Figure 6: Empirical versus theoretical FPR ratio for watermark detection; ideal calibration at ratio 1.
Comparative Analysis and Implications
VOW uniquely combines cryptographic verifiability, user privacy, practical detectability for short texts, and manageable overhead. Unlike PDW or UPV, detection is interactive and not purely local, but VOW operates efficiently even in low-entropy domains and incurs minor computational cost after optimization. All evaluated schemes are vulnerable to semantic attacks (paraphrasing), pointing to an inherent trade-off between robustness and unforgeability.
The implications are threefold:
- Practical Auditing: VOW is highly suited for LLM service auditing, enabling users to verify API output provenance without revealing their content and providers to attest to detection honesty.
- Cryptographic Accountability: Embedding a verifiable proof alongside output traces shifts LLM accountability from statistical anomaly detection to cryptographically precise provenance.
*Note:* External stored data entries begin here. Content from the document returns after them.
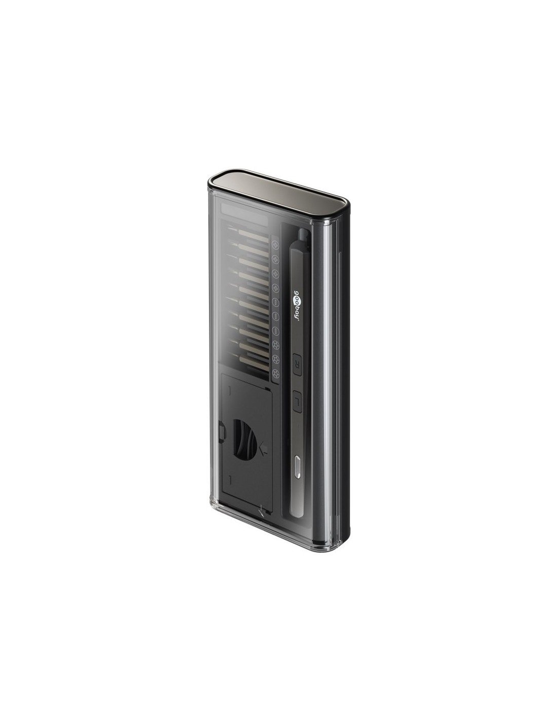 Práctico juego de destornillador fabricado en aluminio recubierto, en un estuche delgado con tapa transparente.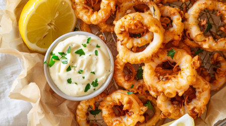 A top-down view of a pile of freshly grilled calamari rings, crispy and golden brown, served with aioli dipping sauce and lemon wedges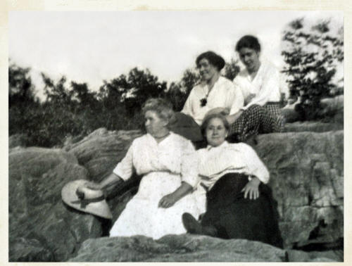 Back Row: Hazel (Maud?) Warner Flatz, Edna Burch Hauser Front Row: Mary Warner, Belle Burch. |

- Robustness Limitation: The inability to withstand advanced paraphrasing points to required future developments in embedding semantic invariance or hybrid cryptographic/statistical watermarking.
Future Directions
Research avenues include integrating VOW's VOPRF core into semantic watermarking (e.g., embedding-level signal), formal security analyses for batch VOPRF, constructing non-interactive protocols for short-text detection, and combining watermarking with operational auditing for generation-time accountability.
Conclusion
VOW represents a protocol for watermarking LLM outputs that achieves cryptographically verifiable and privacy-preserving detection suitable for real-world, short-text applications. Its performance, theoretical guarantees, and practical optimizations position it as a compelling basis for provenance auditing in generative AI. The challenge of robustness to semantic attacks remains open, demanding new algorithmic and cryptographic mechanisms for future watermarking frameworks (2604.27666).